Im Museumshafen ist es ja nicht so, dass da einfach nur alte Segelschiffe liegen, es wird auch ständig gearbeitet. Jetzt zum Abend sieht man zwar keine Menschen mehr am Schaffen, aber dennoch wird deutlich, was da unter anderem grad gewerkelt wird: Der Baum für ein Gaffelsegel wird restauriert, und mich als Modellbauer interessieren hier natürlich auch die Details. Auch ansonsten gibt es wieder jede Menge Fotomotive für Menschen wie mich, die immer glänzende Augen bekommen, wenn sie Segelschiffe zu sehen bekommen. Und es muss ja nicht immer die VICTORY oder KRUZENSTERN sein...

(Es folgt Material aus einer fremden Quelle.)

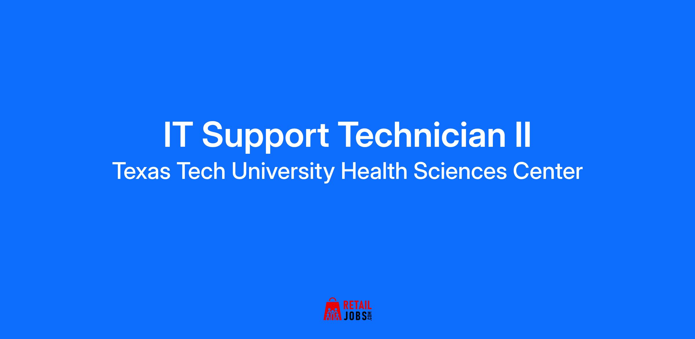 *Extended Job Title* IT Support Technician II *Position Description* The IT Support Technician II’s scope includes providing technical support and assistance to departments, faculty, staff, and students with the use of basic hardware and some software support and maintenance. This position will also specialize in hardware and software relevant to the department or unit. The IT Support Technician II’s scope includes providing technical support and assistance to departments, faculty, staff, and students with the use of basic hardware and some software support and maintenance. This position will also specialize in hardware and software relevant to the department or unit. *Requisition ID* 42478BR *Travel Required* Up to 25% *Pay Grade Maximum* 24.50 *Major/Essential Functions* * The IT Support Technician II's scope includes providing technical support and assistance to departments, faculty, staff, and students with the use of basic hardware and some software support and maintenance. * This position will also specialize in hardware and software relevant to the department or unit. * Non-technical skills required for this position include: Customer service orientation, collaborative interdependent work style, team oriented, strong communication skills (written, technical writing, verbal, listening), self-motivated and a strong ability to establish and maintain good working relationships with fellow employees, HSC staff and students. *Grant Funded?* No *Pay Grade Minimum* 22.00 *Pay Basis* Hourly *Work Location* Amarillo *Preferred Qualifications* * Recognized certification in PC Support field (Preferred CompTia A). * Experience with Microsoft Windows operating systems. * Advanced knowledge with Microsoft Office products. * Experience with network domain environments. * A strong ability to establish and maintain good working relationships with fellow employees, HSC staff and students. * Must be able to lift 10 to 50 pounds. *Department* ITSC PC Support Ama *Required Attachments* Cover Letter, Resume / CV *Job Type* Full Time *Pay Statement* Compensation is commensurate upon the qualifications of the individual selected and budgetary guidelines of the hiring department, as well as the institutional pay plan. For additional information, please reference the institutional pay plan website at [https://app4.ttuhsc.edu/payplan](https://app4.ttuhsc.edu/payplan/). *Shift* Day *EEO Statement* All qualified applicants will be considered for employment without regard to sex, race, color, national origin, religion, age, disability, protected veteran status, or genetic information. *Required Qualifications* Bachelor's degree with coursework in computer science, MIS, IT, or other related area plus one (1) year related full-time paid experience OR a combination of related education and/or experience to equal five (5) years. Applicants for this position will be subject to a criminal background check after a conditional offer of employment has been extended, but before employment can be confirmed. *Does this position work in a research laboratory?* No *Navy Enlisted Classification Code* CTT, IT *Army Military Occupational Specialty Code* 25B, 255A *Air Force Specialty Code* 3D1X1, 3D1X2 *Marine Military Occupational Specialty Code* 0651, 6694 *Jeanne Clery Act* The Jeanne Clery Disclosure of Campus Security Policy and Campus Crime Statistics Act is a federal statute requiring colleges and universities participating in federal financial aid programs to maintain and disclose campus crime statistics and security information. By October 1 of each year, institutions must publish and distribute their Annual Campus Security Policy & Crime Statistics Report (ASR) to current and prospective students and employees. To view this report, visit the TTUHSC Clery Act website at [https://www.ttuhsc.edu/compliance/clery-report.aspx](https://www.ttuhsc.edu/compliance/clery-report.aspx). *Introduction* Nationally recognized as a *[Great College to Work For](https://www.ttuhsc.edu/about/great-college/default.aspx)*, TTUHSC provides much more than just a job! Enjoy excellent *[benefits](https://www.ttuhsc.edu/human-resources/benefits/)*, including paid leave, retirement plans, wellness programs, health insurance and so much more. Ready to start building a rewarding career in a positive environment where you can develop and thrive? *Join us as we change the future of health care.* *About TTUHSC* Texas Tech University Health Sciences Center is enriching the lives of others by educating students, providing excellent patient care, and advancing knowledge through innovative research. TTUHSC graduates more health care professionals than any other health care institution in the state, conferring 24.2% of all degrees and certificates awarded from health-related institutions in Texas. By providing comprehensive clinical services to more than 10 million individuals across 121 counties, TTUHSC is dedicated to advancing the health of people throughout Texas and beyond. This is where world-class education meets compassionate patient care – and we believe that our people are the reason for our institution’s lasting success and bright future. Being part of the TTUHSC team means being part of an innovative and supportive community that empowers each individual to do their best work. Through our [values-based culture](https://www.ttuhsc.edu/human-resources/values-based-culture.aspx), TTUHSC is committed to cultivating an exceptional workplace community with a positive culture that puts people first. *Benefits* TTUHSC is committed to creating an environment where our team members can do their best work, with programs and [benefits](https://www.ttuhsc.edu/human-resources/benefits/) to support head-to-toe well-being. Explore just a few of the advantages of being a TTUHSC team member: * *Health Plans Supplemental Coverage Options – *Individual health insurance provided at no cost for full-time team members * *Paid Time Off* – Including holid

Diesmal zum Beispiel begeistern mich ein paar Details an einem liebevoll gepflegten kleinen Zweimaster. Da gibt es die klassischen Rüst- und Wantjungfern, ordentlich in alter Manier mit einem Taljereep verbunden, um die Wanten steif zu setzen. Und am selben Schiff - ich traue meinen Augen nicht - zwei Jungfern, die aber mittels Spannschraube verbunden sind. Und einen halben Meter weiter wieder eine Talje mit zwei offenbar frisch eingebauten Violinblöcken.

Sollte im kommenden Jahr wieder Kappeln ein Ziel des Segeltörns sein, freue ich mich schon darauf, denn der Museumshafen hält immer wieder Überraschungen bereit.

Der Abend an Bord wird dann sehr schön. Zum einen gibt es zum Abendessen frischen und wirklich guten bayrischen Fleischkäse, den einer unserer Mitsegler extra mitgebracht hat und der von Klaus sehr schmackhaft zubereitet wird. Und dann holt einer der Neulinge, der Jens, seine Ukulele hervor und überrascht uns alle mit einem reichhaltigen Repertoire an Seemanns- und anderen Liedern. Und als dann noch Adam, einer unserer Matrosen, seine Gitarre holt und mit Jens gemeinsam musiziert, wird es noch stimmungsvoller. Schnell wird Alle, die mit uns auf Kaperfahrt fahren, müssen Männer mit Bärten sein der Lieblingshit dieser Fahrt.

(So ganz am Rande: Der Jens spielt sonst den Bass in einer Iron-Maiden-Coverband und hat sich die Ukulele selbst beigebracht. Und dann hat er auch noch eine angenehme Singstimme... Sensationell!)